Chapter 14 Quiz: Self-Assessment

Instructions: Answer each question without looking back at the chapter. After completing all questions, check your answers against the key at the bottom. If you score below 70%, revisit the relevant sections before moving on to Chapter 15.


Multiple Choice

Q1. Overfitting occurs when a model:

a) Is too simple to capture the real patterns in the data b) Captures noise along with signal and fails to generalize to new data c) Has too few parameters to fit the training data d) Performs poorly on both training and test data

Q2. The bias-variance tradeoff states that:

a) Models with high bias always outperform models with high variance b) Increasing model complexity decreases both bias and variance simultaneously c) Reducing bias (by adding complexity) tends to increase variance, and vice versa d) Bias and variance are unrelated properties of a model

Q3. Underfitting occurs when:

a) A model memorizes the training data b) A model is too complex for the available data c) A model is too simple to capture the genuine patterns in the data d) A model performs well on test data but poorly on training data

Q4. The term apophenia refers to:

a) A statistical technique for detecting overfitting b) The tendency to perceive meaningful patterns in meaningless or random data c) A form of regularization used in machine learning d) The failure to recognize patterns that are genuinely present

Q5. Cross-validation helps detect overfitting by:

a) Training the model on all available data to maximize performance b) Splitting data into portions and testing the model on data it was not trained on c) Increasing the number of model parameters until training error reaches zero d) Removing outliers from the dataset

Q6. The replication crisis in science is an example of overfitting because:

a) Scientists deliberately fabricate results b) Many published findings are based on large, representative samples c) Studies that produce significant results on small, noisy datasets often fail when tested on new, independent samples d) The scientific method is inherently flawed and should be replaced

Q7. Researcher degrees of freedom refers to:

a) The number of researchers involved in a study b) The many undisclosed choices researchers make during data collection and analysis that increase the flexibility to find spurious results c) The freedom of researchers to choose their own topics d) The statistical degrees of freedom in a chi-square test

Q8. Occam's razor functions as a regularization technique because it:

a) Eliminates all uncertainty from the model b) Penalizes complex explanations, reducing the risk that the model is fitting noise c) Guarantees that the simpler explanation is always correct d) Increases the number of parameters available to the model

Q9. Which of the following is NOT a form of regularization discussed in the chapter?

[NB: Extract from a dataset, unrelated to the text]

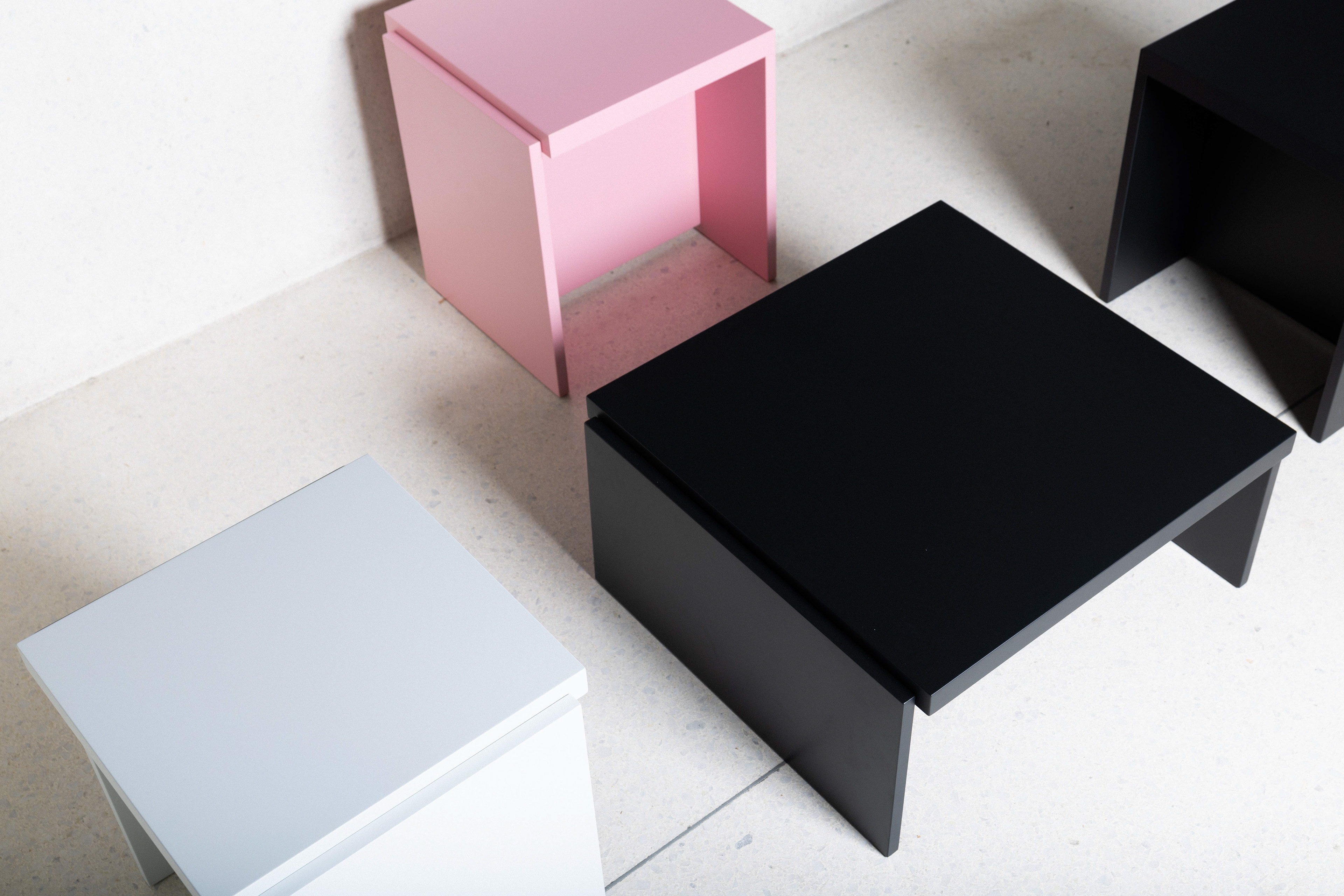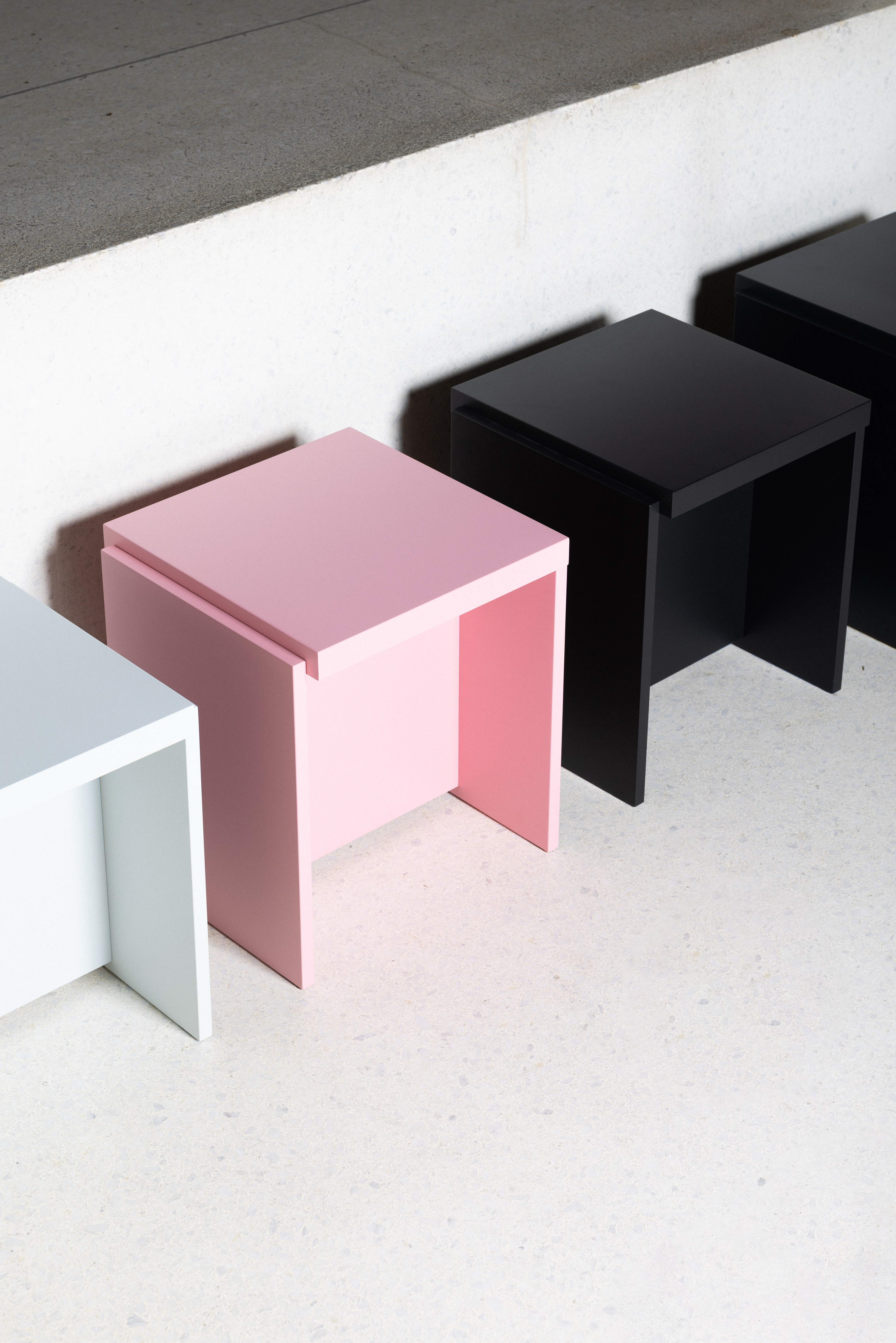 Collection of stools, bench and side table crafted from lacquered MDF brings a fresh balance of simplicity and versatility. With bold colors and refined surfaces, each piece adds a contemporary accent to both private and public spaces. The collection is designed for flexible arrangements — perfect for spontaneous gatherings, creative workspaces, or cozy corners at home.

a) Scientific peer review b) Portfolio diversification c) Increasing model complexity d) Constitutional constraints on government

Q10. Superstition is described as a form of overfitting because:

a) Superstitious people are less intelligent than non-superstitious people b) The human brain detects correlations between unrelated events in small samples and treats them as causal patterns c) Superstitions are based on controlled scientific experiments d) Superstitious beliefs never contain any element of truth

Q11. The hedge fund Long-Term Capital Management (LTCM) failed because:

a) Its models were too simple to capture market dynamics b) Its founders lacked the necessary expertise in financial mathematics c) Its models overfit to the stable market conditions of the mid-1990s and assigned near-zero probability to extreme events d) It used too little leverage

Q12. Narrative overfitting in history refers to:

a) Writing overly long historical narratives b) Constructing compelling causal narratives that explain the past perfectly but would fail if applied to different historical events c) Refusing to offer any interpretation of historical events d) Using only primary sources in historical research

Q13. Conspiracy thinking is related to overfitting because:

a) Conspiracy theories are always false b) Conspiracy theorists use elaborate, high-flexibility models to connect coincidental events into patterns, without testing whether those patterns would hold in new data c) Conspiracy theorists have access to more data than other people d) Government agencies always tell the truth, making conspiracy theories unnecessary

Q14. The evolutionary explanation for human apophenia is that:

a) Humans evolved in environments where seeing too many patterns had no cost b) In the ancestral environment, the cost of false negatives (missing real threats) was much higher than the cost of false positives (seeing threats that weren't there) c) Ancient humans had more data to work with than modern humans d) Evolution optimized the human brain for scientific accuracy

Q15. In the bias-variance tradeoff, irreducible error refers to:

a) The error caused by using the wrong model b) The noise in the data that no model can eliminate c) The error caused by having too few data points d) The error that can be reduced by adding more parameters

Q16. Out-of-sample testing in machine learning is analogous to:

a) Memorizing answers to practice exams in education b) Replication of scientific findings by independent researchers c) Reading the same history book multiple times d) Backtesting a trading strategy on the same data used to develop it

Q17. The risk of overfitting increases when:

a) The model has few degrees of freedom relative to the amount of data b) The model has many degrees of freedom relative to the amount of data c) The data is highly representative and abundant d) The model is constrained by strong regularization

Q18. Publication bias contributes to overfitting in science because:

a) Journals publish too many negative results b) Only positive results tend to be published, creating a biased sample of all studies conducted and inflating the apparent reliability of effects c) Peer review eliminates all false positives d) Published studies always use large sample sizes

Q19. The chapter argues that science is best understood as:

a) A method for eliminating all uncertainty b) Systematic regularization -- institutional constraints designed to prevent the human brain's natural overfitting tendency from producing false knowledge c) A domain where overfitting cannot occur d) An alternative to pattern recognition

Q20. The chapter's central argument is best summarized as:

a) Overfitting is a problem unique to machine learning that has no relevance to other fields b) The human brain is perfectly calibrated for pattern recognition and rarely makes errors c) Overfitting is a universal failure mode of pattern recognition that occurs identically across machine learning, science, history, finance, superstition, and conspiracy thinking, and the bias-variance tradeoff is an inescapable feature of all learning from data d) Simple models always outperform complex models


Short Answer

Q21. In two to three sentences, explain how the concept of "regularization" unifies Occam's razor, scientific peer review, portfolio diversification, and intellectual humility. What do all four have in common?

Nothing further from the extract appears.